◆ What you will do
Starting at the line that holds "Wie in den vergangenen", quote every line through the end of the records, both boundary lines included. Omit the pictures.

◆ Information supplied

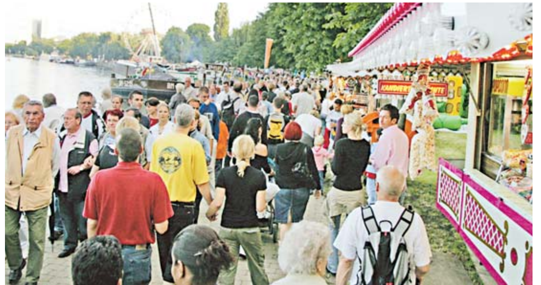
Das Havelufer wird am kommenden Wochenende wieder Ziel zahlreicher Besucher sein.

Wie in den vergangenen Jahren reihen sich von der Juliusturm- bis zur Dischinger Brücke Imbiss- und Verkaufsstände, Schausteller und Künstler mit ihren Angeboten aneinander. Kurzfristig konnte die Aktionsfläche für Kinder zwischen dem Parkplatz Stabholzgarten und dem Havelufer durch den Familiengarten des Deutschen Familienverbandes e.V. erweitert werden. Das seit vier Jahren existierende Projekt unter dem Motto „Kinder geben ihre Eltern ab“ macht während des Havelfestes zum ersten Mal in Spandau Station – am Freitag von 15 bis 20 Uhr sowie am Sonnabend und Sonntag von 11 bis 19 Uhr. Auf rund 500 Quadratmetern können Kinder bis zum zehnten Lebensjahr mit Playmais und selbst bemalten Autos spielen, Schmuck aus Steckperlen basteln, sich an Ge-
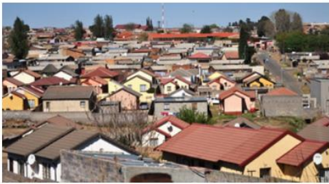
( C )
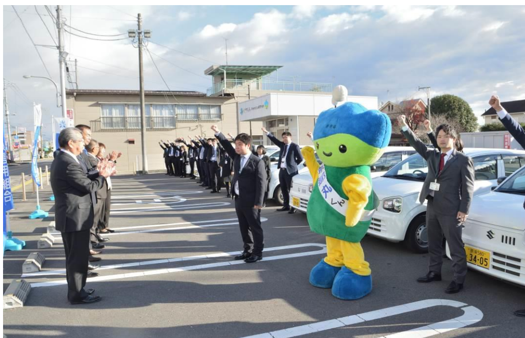
【2021年11月26日 黒磯支店で実施した特別貸出FS】
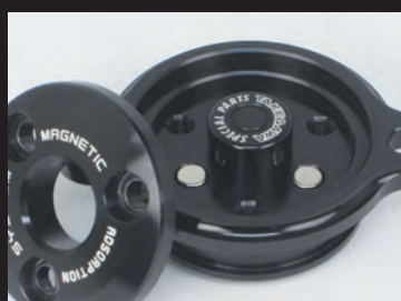
オイルフィルターカバー内にマグネットを内蔵
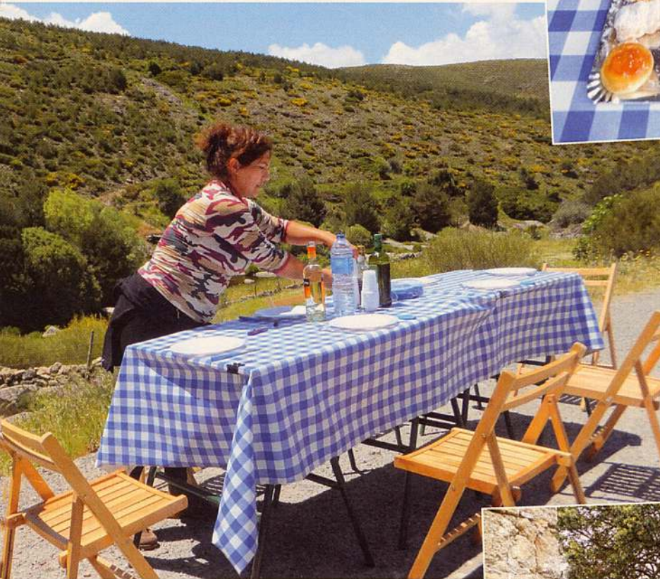
Emilio's vrouw Mamen in de weer met onze lunch

◆ Output of the exercise
Wie in den vergangenen Jahren reihen sich von der Juliusturm- bis zur Dischinger Brücke Imbiss- und Verkaufsstände, Schausteller und Künstler mit ihren Angeboten aneinander. Kurzfristig konnte die Aktionsfläche für Kinder zwischen dem Parkplatz Stabholzgarten und dem Havelufer durch den Familiengarten des Deutschen Familienverbandes e.V. erweitert werden. Das seit vier Jahren existierende Projekt unter dem Motto „Kinder geben ihre Eltern ab“ macht während des Havelfestes zum ersten Mal in Spandau Station – am Freitag von 15 bis 20 Uhr sowie am Sonnabend und Sonntag von 11 bis 19 Uhr. Auf rund 500 Quadratmetern können Kinder bis zum zehnten Lebensjahr mit Playmais und selbst bemalten Autos spielen, Schmuck aus Steckperlen basteln, sich an Ge-
( C )
【2021年11月26日 黒磯支店で実施した特別貸出FS】
オイルフィルターカバー内にマグネットを内蔵
Emilio's vrouw Mamen in de weer met onze lunch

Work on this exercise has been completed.